At the MedTech Forum that took place in Barcelona earlier this year, I joined a J&J MedTech sponsored panel entitled Data Governance in a Patient Pathway. I was on stage with peers from the industry, all looking at the topic from a different perspective, from the patient, to the healthcare provider, the policy maker to the industry view. There was clearly a shared passion for this topic and a united vision of how data will transform our industry for patients and the healthcare system. But it was also evident that there are major barriers and challenges that we need to collectively overcome.
Here are my reflections from the session:
Digital is transforming the world as we know it
Digital Innovation is transforming healthcare across the patient journey to improve patient experiences and outcomes. At J&J MedTech, our vision is to create a healthcare system where care is personalised, delivery is efficient and disease is understood, detected, and even prevented before it happens. Digital technologies can help realise this vision and even offer novel treatment ways such as digital therapeutics.

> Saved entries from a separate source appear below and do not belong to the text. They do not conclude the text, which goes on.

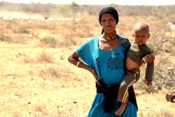 干ばつに襲われた村を、子どもを抱いて歩く母親。(2017年3月撮影) |
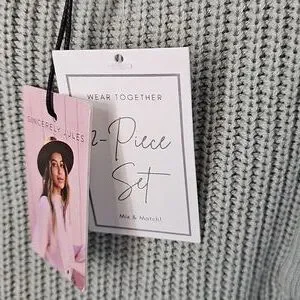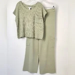 Sincerely Jules Sage Knit Set Wide Leg Pant wCargo Pockets Ribbed Sleeveless Top
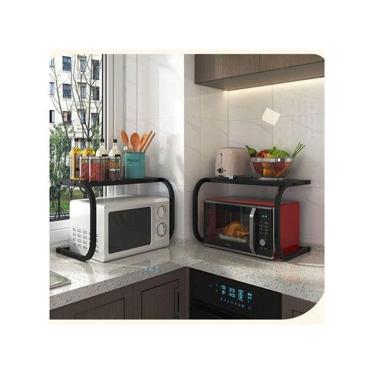 Support 2 niveaux pour four & micro-ondes – étagère de comptoir en métal robuste avec espace en L (noir)
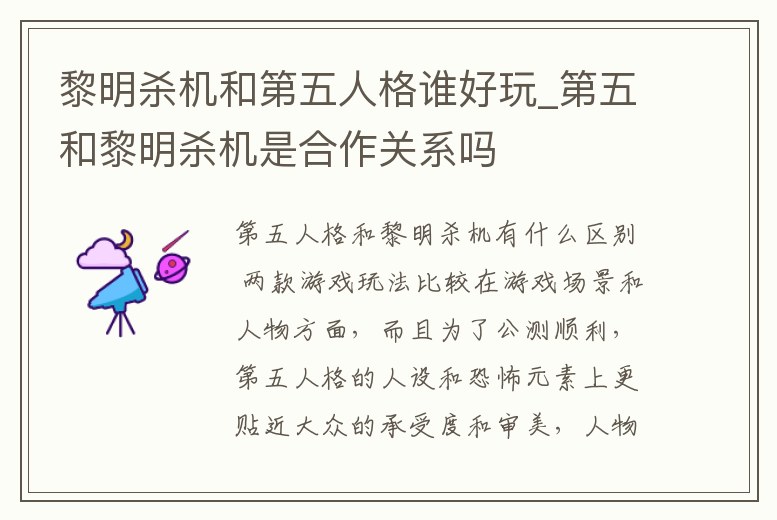 黎明殺機和第五人格誰好玩_第五和黎明殺機是合作關系嗎
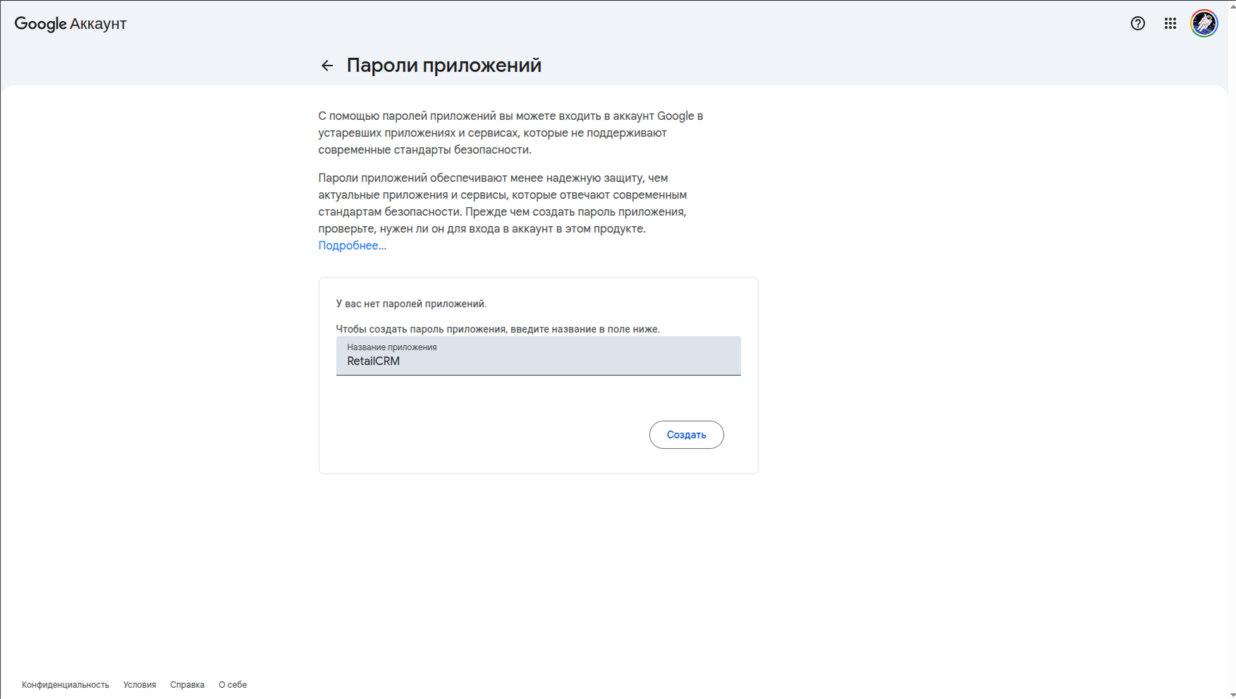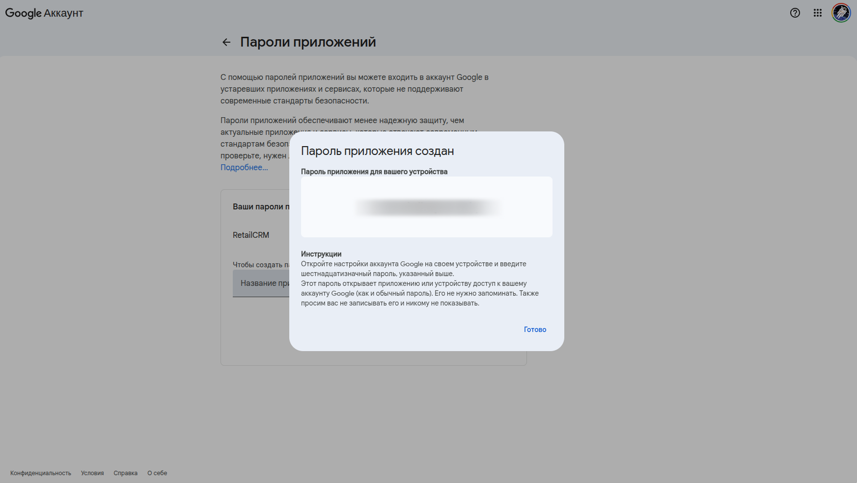 RetailCRM), чтобы в дальнейшем понимать, для чего используется данный пароль, и нажмите кнопку «Создать».
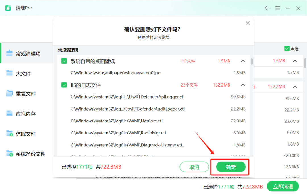 对于常规清理项,完全不用考虑,直接点击全选立即清理。
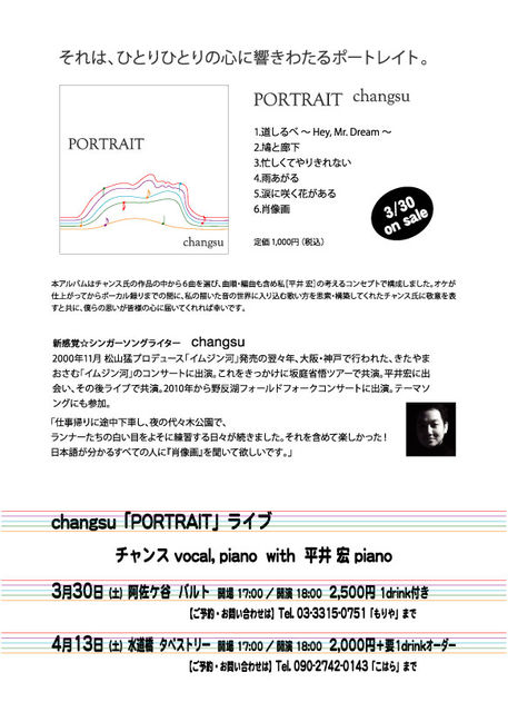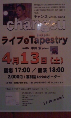 野反湖フィールドフォークコンサートでお馴染みのチャンス氏が、 初のアルバム「PORTRAIT」をリリース(3/30発売)。 発表記念ライブをタペストリーで行います。 4/13(土)Changsu キム・チャンスLIVE@Tapestry チャンス vocal, piano with 平井宏 piano [時間] 開場17:00/開演18:00 [料金] 2,000円+要ドリンクオーダー ご予約・お問い合わせは、 メール又はTel.090-2742-0143(こはら)まで。 (人数に制限がございますので、お早めにご連絡ください) Imported Beer Cafe TAPESTRY 東京都千代田区三崎町2−2−1

We are creating a digital ecosystem that joins together digital solutions, robotics, instrumentation, advanced imaging and visualization, data analytics, artificial intelligence and machine learning. To mobilize the potential of these assets, we are establishing robust connectivity with, and between, all elements of the ecosystem. Through this seamless, interconnected network, we will be able to meet our surgeons where they are in their workflow and our patients where they are in their healthcare journey.
This means the patient is more engaged during the patient pathway, they have more control, better interaction with clinical staff and faster diagnosis and recovery. For the HCPs and healthcare provider it enables a smoother patient pathway, from pre-surgical planning through to post-operative care, optimised productivity, the ability to treat more people and make more informed decisions to deliver personalised healthcare.
Data is the lynchpin for digital solutions
The benefits of digital solutions are clear, but there are challenges that we need to work through with all the stakeholders in the healthcare system before we realise this digital utopia. And it all comes down to data.
When we talk about data, we’re referring to personal health data from patients (from sensors, apps, EMRs), data generated through technologies in the operating room or hospital (robotics, RFID), and data from payors and health systems. Unlocking the potential of digitalization begins with accessing, connecting, collecting and analysing this data, and using the data-based insights to improve outcomes.
But the policy landscape and practices addressing digital healthcare across Europe are fragmented and changing – both at the hospital, country and regional levels. Key discussions and decisions about data regulation and policy, including common understanding across healthcare ecosystem and within hospitals, taking shape now, will impact how healthcare data is treated and used in the future.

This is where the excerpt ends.